The Diocese of Segorbe-Castellón (Dioecesis Segobricensis-Castillionensis; Diòcesi de Sogorb-Castelló) is a Latin Church diocese of the Catholic Church located in north-eastern Spain, in the province of Castellón, part of the autonomous community of Valencia. The diocese forms part of the ecclesiastical province of Valencia, and is thus suffragan to the Archdiocese of Valencia.

==History==
No name of any Bishop of Segorbe is known earlier than Proculus, who signed in the Third Council of Toledo (589). He was followed by a succession of bishop until Anterius, who attended the fifteenth (688) and the sixteenth (693). After this, there is no information of its bishops until the Arab invasion, when its church was converted into a mosque.

In 1172 Pedro Ruiz de Azagra, second son of the Lord of Estella, held the city of Albarracín, and succeeded in establishing there a bishop. Pedro's refusal to recognise Aragonese sovereignty extended to his bishop, Martin, who refused to recognise the supremacy of the Bishop of Zaragoza, though ordered to do so by the pope. Instead, Martin swore allegiance to the Metropolitan of Toledo. Four years later, Martin took instead the title of Bishop of Segorbe. This choice of name follows the ideology of the Reconquest, according to which the bishops were simply restoring the old Christian entities only temporarily taken over by the Moors. In this way, the city of Albarracín became the seat of the bishops of Segorbe.
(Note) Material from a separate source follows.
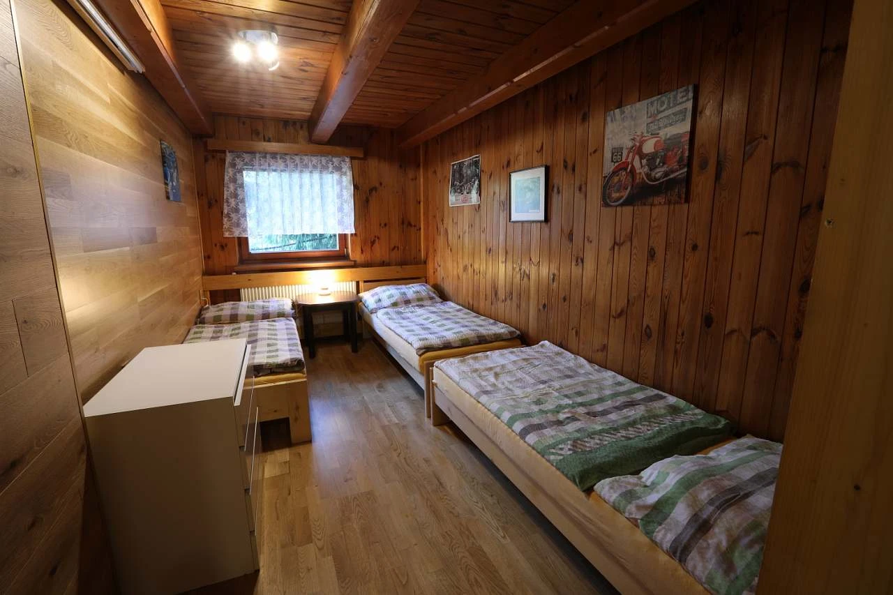 Chata k pronájmu poskytuje ubytování pro 14 osob ve 4 ložnicích.

When Segorbe was conquered by the king James I of Aragon in 1245, the cathedral seat was relocated from Albarracín to Segorbe. There arose serious territorial disputes with the Archdiocese of Valencia which claimed rights over several churches in Segorbe. The Bishop of Valencia, Arnau of Peralta, entered the church of Segorbe by force and expelled the prelate. The controversy being referred to Rome, Rome agreed with the Bishop of Segorbe-Albarracín. In 1318 Pope John XXII raised the see of Zaragoza to an Archdiocese, with the diocese of Segorbe-Albarracín as a suffragan.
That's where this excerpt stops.